Yishai Shimoni


Yishai Shimoni




Manager and Senior Research Scientist, Causal Machine Learning for Healthcare


IBM Research - Israel Givatayim, Israel


I am the manager of the Machine Learning for Healthcare and Life Sciences group at IBM Research - Israel and co-leading the Biomedical Foundation Model (BMFM) effort, with a focus on the BMFM-targets subtheme. In these roles, I am in charge of helping the team develop pre-trained models and task-aware models that accelerate the analysis of pre-clinical drug development based on omics data to identify the genes, pathways, and targets that lead to disease phenotype, drug response, cellular differentiation, etc. My line team is also in charge of developing causal inference technology and data extraction technology used on medical claims data to provide corroborating evidence for drug effects in practice, including the open-source python package causallib.
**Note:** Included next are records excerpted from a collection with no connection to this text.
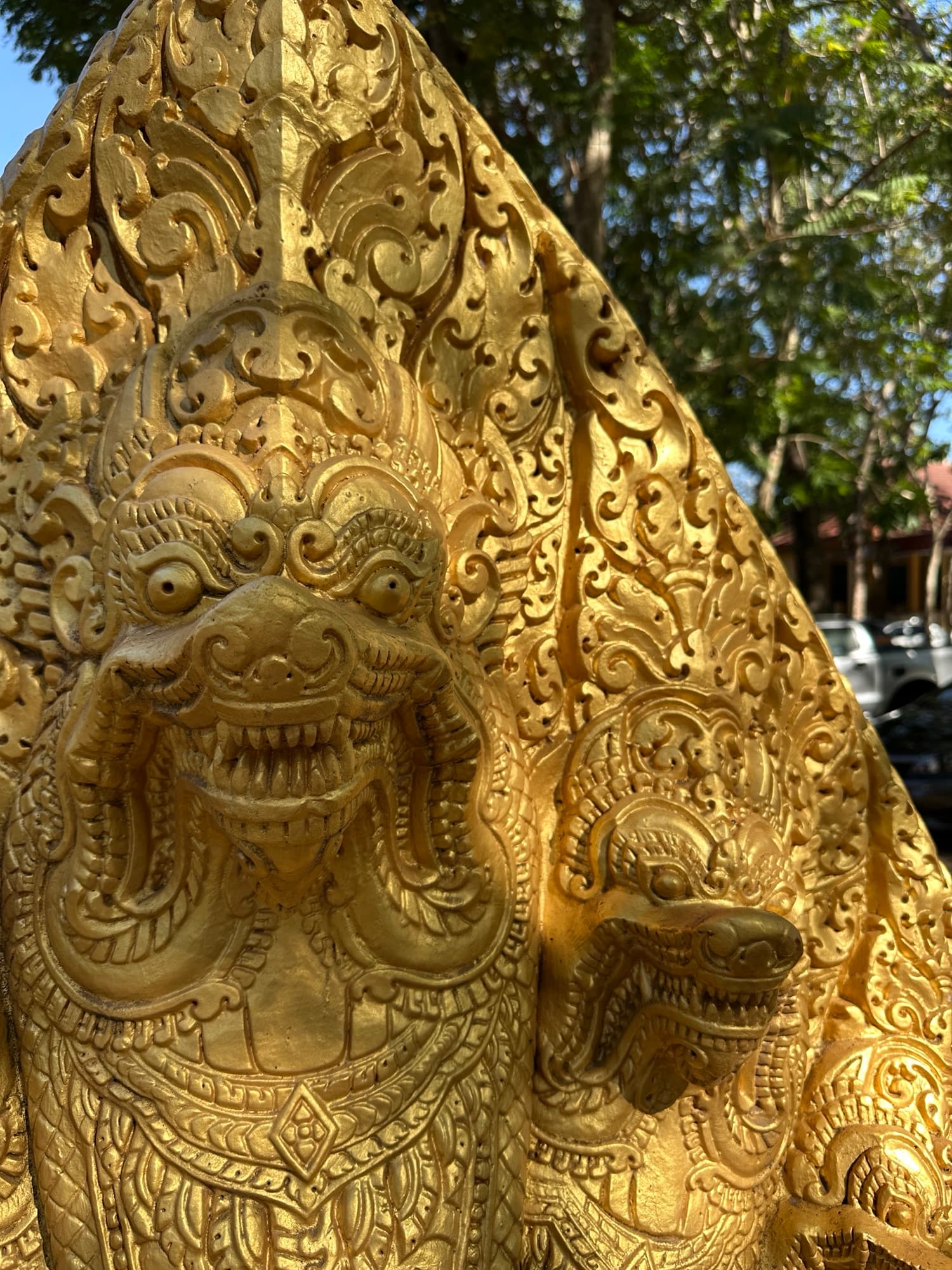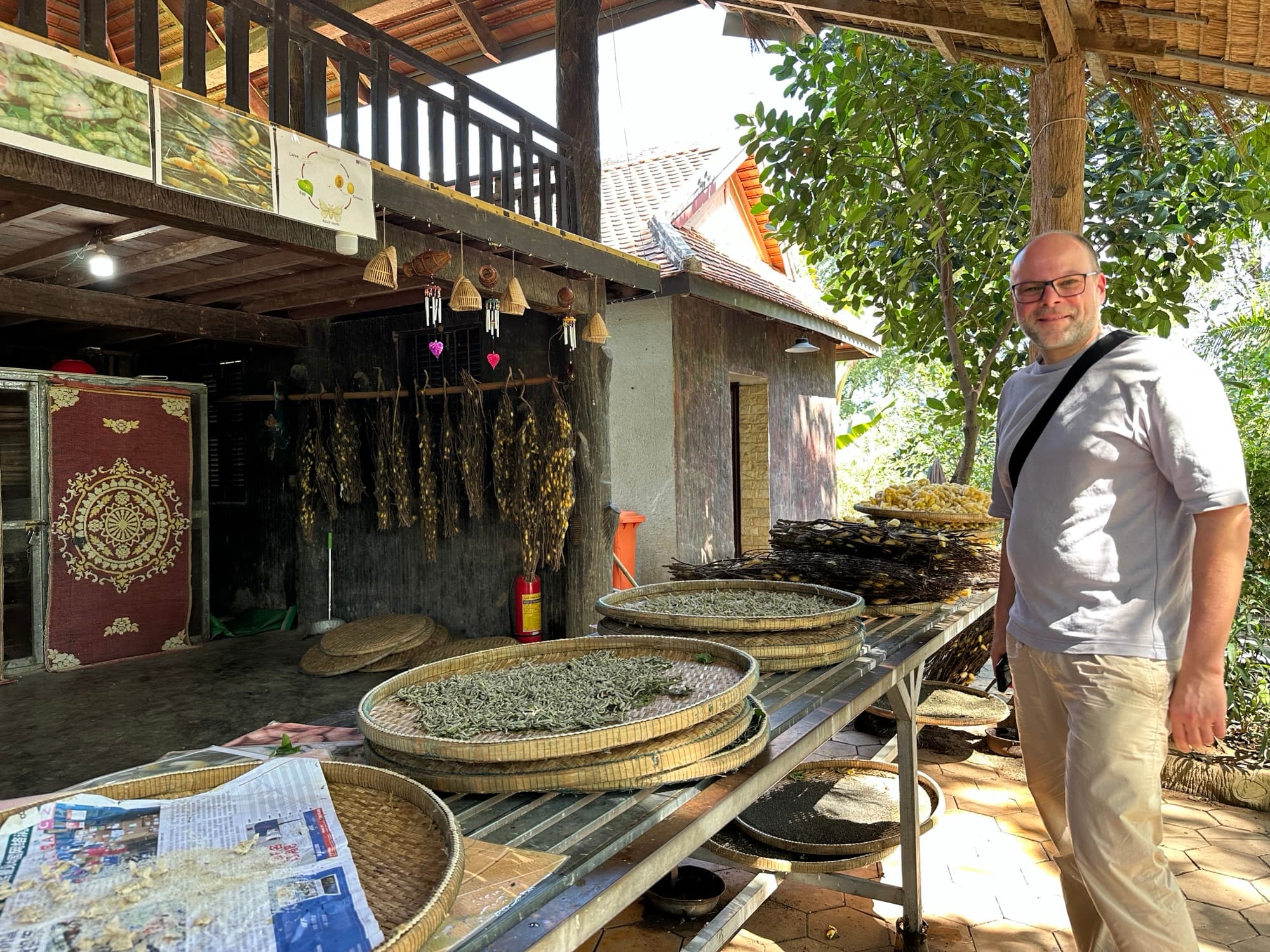 Um die Community zu unterstützen und weil unser Fahrer großartigerweise übersetzen kann, essen wir im Schatten der Bäume direkt an der Tempelanlage. Es gibt keine Speisekarte. Auf dem Handy zeigt uns der Wirt Gerichte. Wir tippen mit dem Finger darauf. Die Speisen die erscheinen, haben eigentlich nichts damit zu tun. Während wir in der Hängematte liegen, bereitet die Familie über Holzfeuer Wildschwein, Hähnchen, Wasserspinat und Fisch zu. 25 Minuten für ein opulentes Menue. Dazu gibt es eine Paste aus Tamarinde und einen Mangosalat. Wieder kann ich einen Punkt auf meiner to-want-Liste abhaken. Du kennst dieses spannende Format noch nicht? Hier die Anleitung.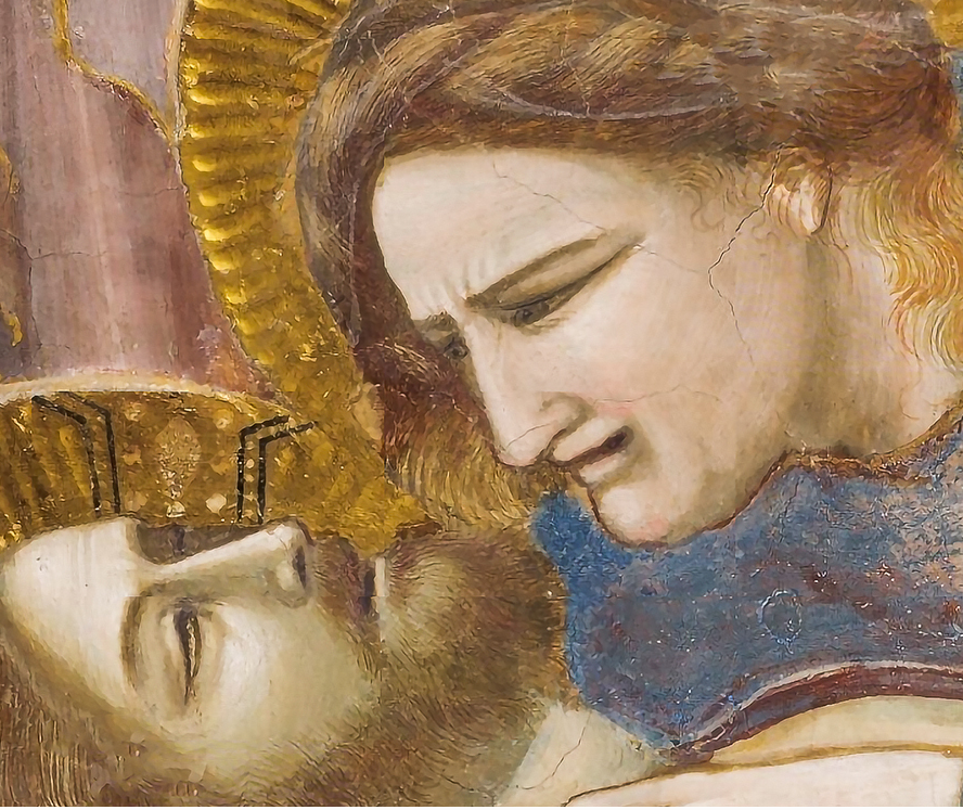 Miremos la cara de la Virgen en el mural de Giotto, Lamentación sobre Cristo muerto (Florencia, 1337). Su expresión es de una tristeza desgarrada; no obstante, su rostro está seco. Giotto evitó representar las lágrimas y utilizó, en su lugar, el recurso de la expresión facial. Este es también un recurso difícil de manejar, pues las expresiones de risa y de llanto suelen parecerse mucho.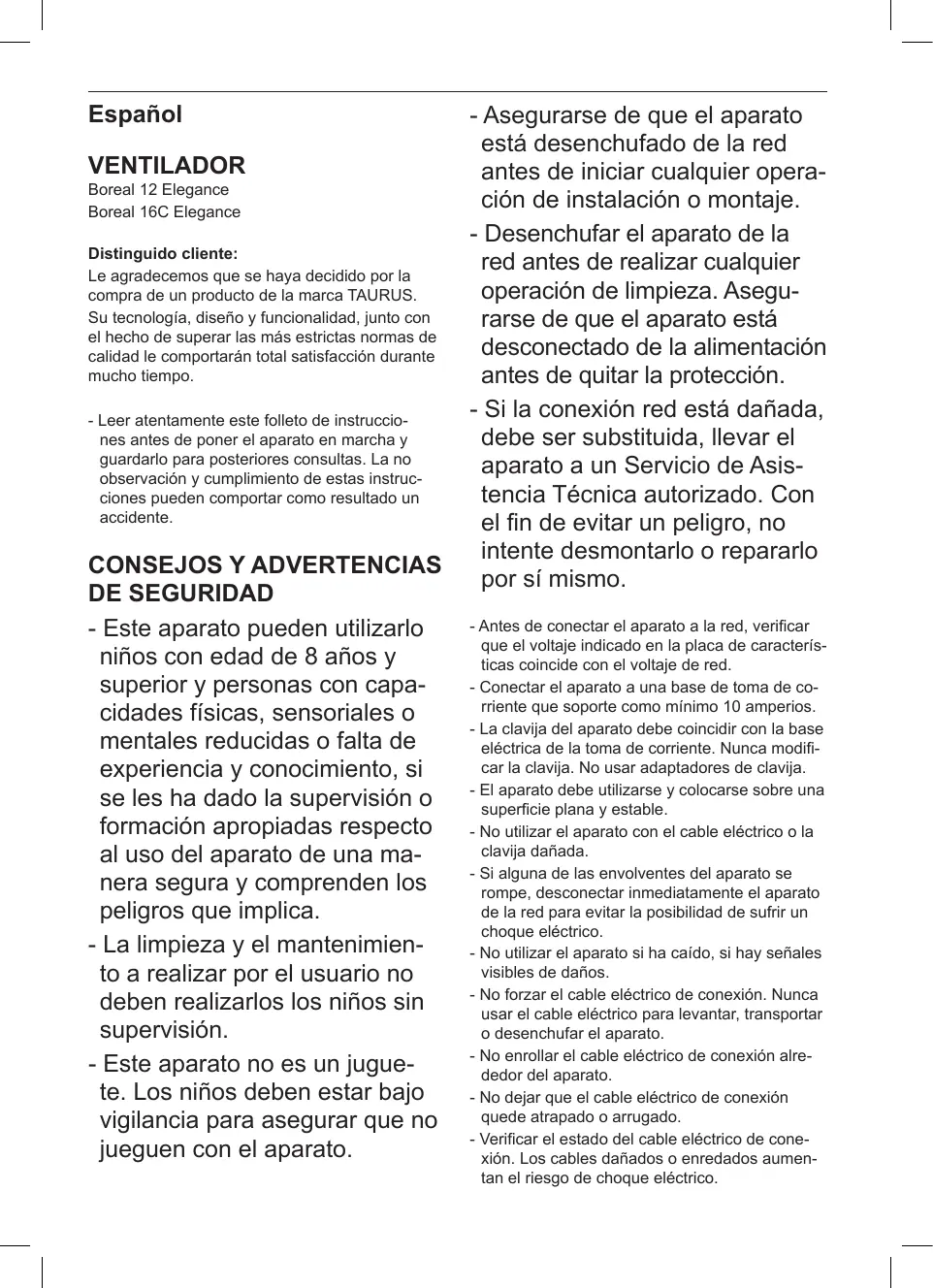 BOREAL 16C ELEGANCE - Admirador TAURUS - Manual de uso y guía de instrucciones gratis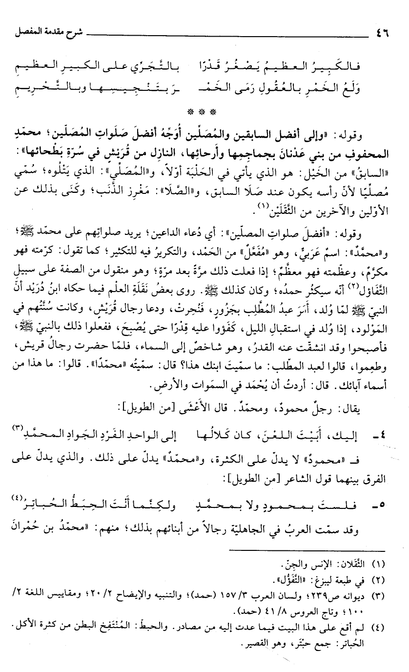 4 - إليك، أَبَيْتَ اللعْنَ، كان كَلالُها ... إلى الواحدِ الفَرْدِ الجَوادِ المحمّدِ (¬3) فـ "محمودٌ" لا يدل على الكثرة، و"محمَّدٌ" يدلّ على ذلك. والذي يدل على الفرق بينهما قول الشاعر [من الطويل]: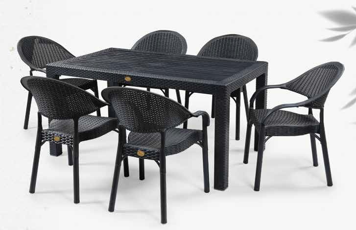 Incorpora tratamiento anti UV que previene decoloración por exposición solar prolongada, y patas de acero revestidas en polipropileno que resisten la corrosión salina, siendo ideal para ambientes costeros y terrazas soleadas.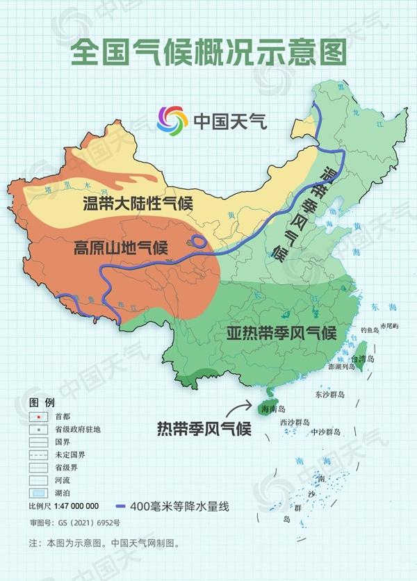 从地图上看,这条神奇的400毫米等雨线整体呈东北-西南走向,它的形成不仅取决于我国特殊的地形和地理位置,也取决于我国独特的气候格局。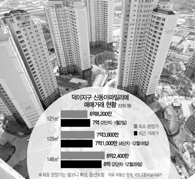 19일 국토교통부 실거래가 시스템에 따르면 덕이지구 '하이파크시티신동아파밀리에' 2단지 전용 121㎡는 지난해 12월 28일 7억 1,000만 원에 거래된 데 이어 이달 2일 7억 원에 거래됐다.
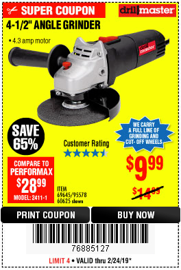 DRILLMASTER 4-1/2" ANGLE GRINDER Lot No. 69645/60625 Expired: 2/24/19 - $9.99 Coupon Code: '76885127'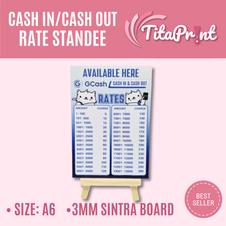 Gcash Cash in Cash out Rate Signage Gcash by tita print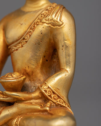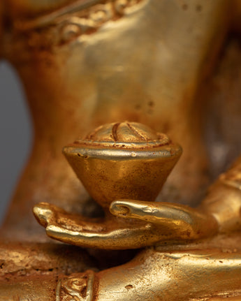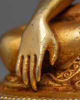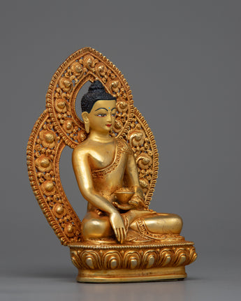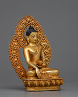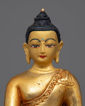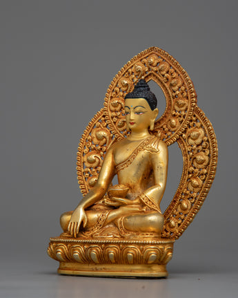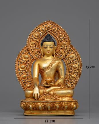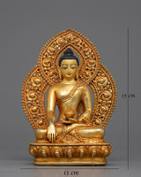 Introducing the Gautama Buddha Siddhartha Statue, a stunning symbol of enlightenment carved with precision on a copper body. This statue, adorned with bright electro gold plating, stands at a modest 15cm height and exudes a peaceful presence wherever it is put.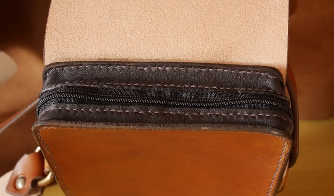 Fermeture sur le haut à l'aide d'une fermeture à glissière et le rabat se ferme à l'aide d'un top magnétique.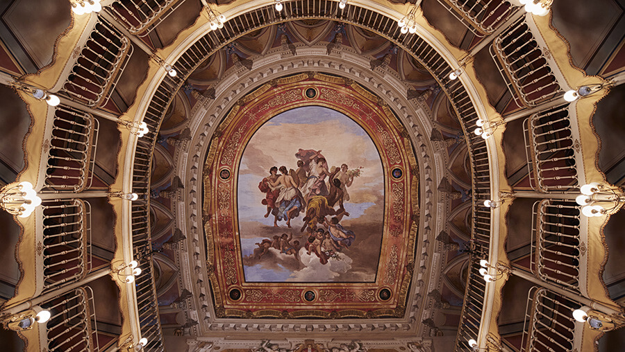 Il sipario originale è stato dipinto da Domenico Bruschi e vi è rappresentato “Properzio che addita al Torti la sua patria”. In attesa del ripristino dell’antico sipario, da restaurare, è stato realizzato un sipario a cura del pittore bevanate Luigi Frappi. Nel sipario odierno è rappresentato il cippo poetico, il tempietto del Clitunno ed il fiume Clitunno come viene immaginato dall’artista. Lo stemma sopra il sipario è stato donato da Innocenzo IV nel 1380, “OsF” sta per Ob servatam Fidem (per aver conservato ed osservato la fede per la Chiesa).
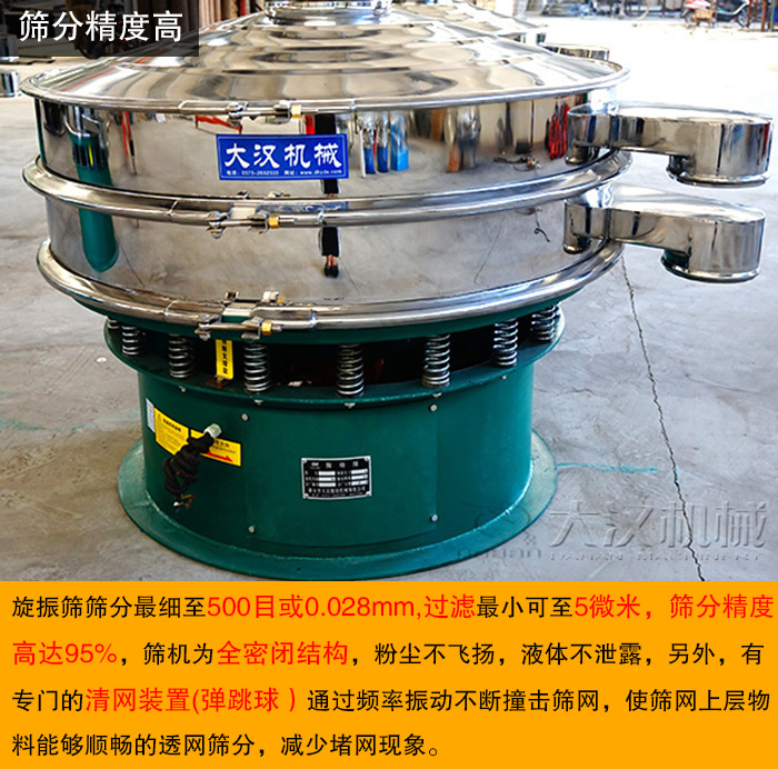 旋振篩篩分細(xì)至500目或0.028mm,過(guò)濾小可至5微米,篩分精度高達(dá)95%,篩機(jī)為全密閉結(jié)構(gòu),粉塵不飛揚(yáng),液體不泄露,另外,有專門(mén)的清網(wǎng)裝置(彈跳球)通過(guò)頻率振動(dòng)不斷撞擊篩網(wǎng),使篩網(wǎng)上層物料能夠順暢的透網(wǎng)篩分,并有效解決了物料堵網(wǎng)問(wèn)題出現(xiàn),減少篩網(wǎng)堵塞對(duì)篩分精度的影響。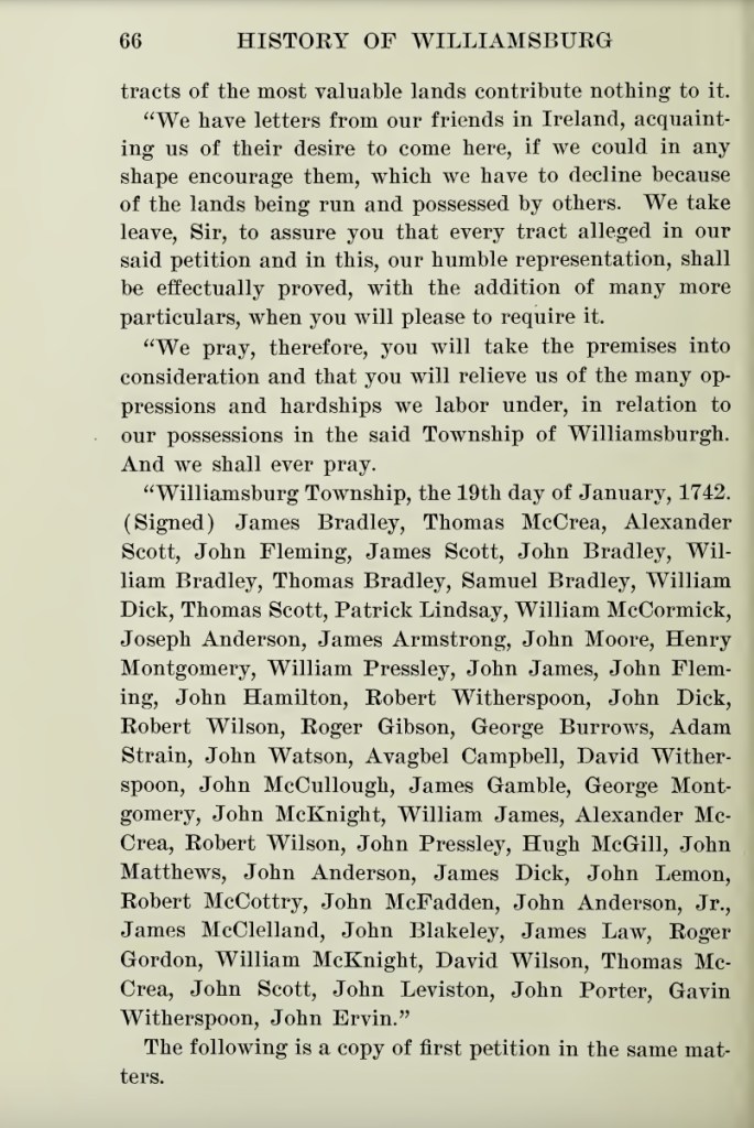 Again, notice the recurrence of Thomas McCree and John McFadden’s names in the inventory and appraisement. Both were signatories of the January 1742 petition. A Thomas McCrea Jr. left a will in Williamsburg naming wife Mary, children Mary Ann, Susannah, and Thomas Armstrong, all with the surname McCrea.[21] Thomas’ executors were his wife Mary, Alexander McCrea, and James McFaddin. The will was witnessed by James McFaddin, Alexander McCrea, and John Scott Jr. The appraisers of Thomas McCrea’s estate were John Scott Jr., James McElveen, and James Montgomery.

Background: I am an interdisciplinary researcher combining machine learning and computational biology, with a proven track record of leading and assisting scientific projects. My academic experience includes physics, computer science, computational biology, and systems biology. I did my Ph.D. at the Hebrew University in Jerusalem, followed by a postdoctoral rotation at Mount Sinai School of Medicine and a junior faculty position at Columbia University. I accumulated extensive experience developing dynamic models, machine learning methods, and simulation tools and analyzing high-throughput sequencing data. I have more than 15 years of experience working closely with colleagues on the design of both hypothesis-generating and validation experiments while participating in both local and international teams.

More specifically, during my tenure at Columbia University, I developed algorithms to analyze gene regulatory networks that uncover how changes in these networks affect changes in phenotype. In this context, I created an algorithm called DeMAND to understand the mode of action through which perturbations (e.g., drug or disease) affect cells. Additionally, I created machine learning models to identify which features contribute to disease progression and mortality.

In two previous postdoctoral positions, one at the Hadassah Medical School in Jerusalem and the other at Mount Sinai School of Medicine, I analyzed the dynamics of small gene-regulatory modules, focusing on accurate and efficient simulations that take into consideration the stochastic effects arising from low copy numbers.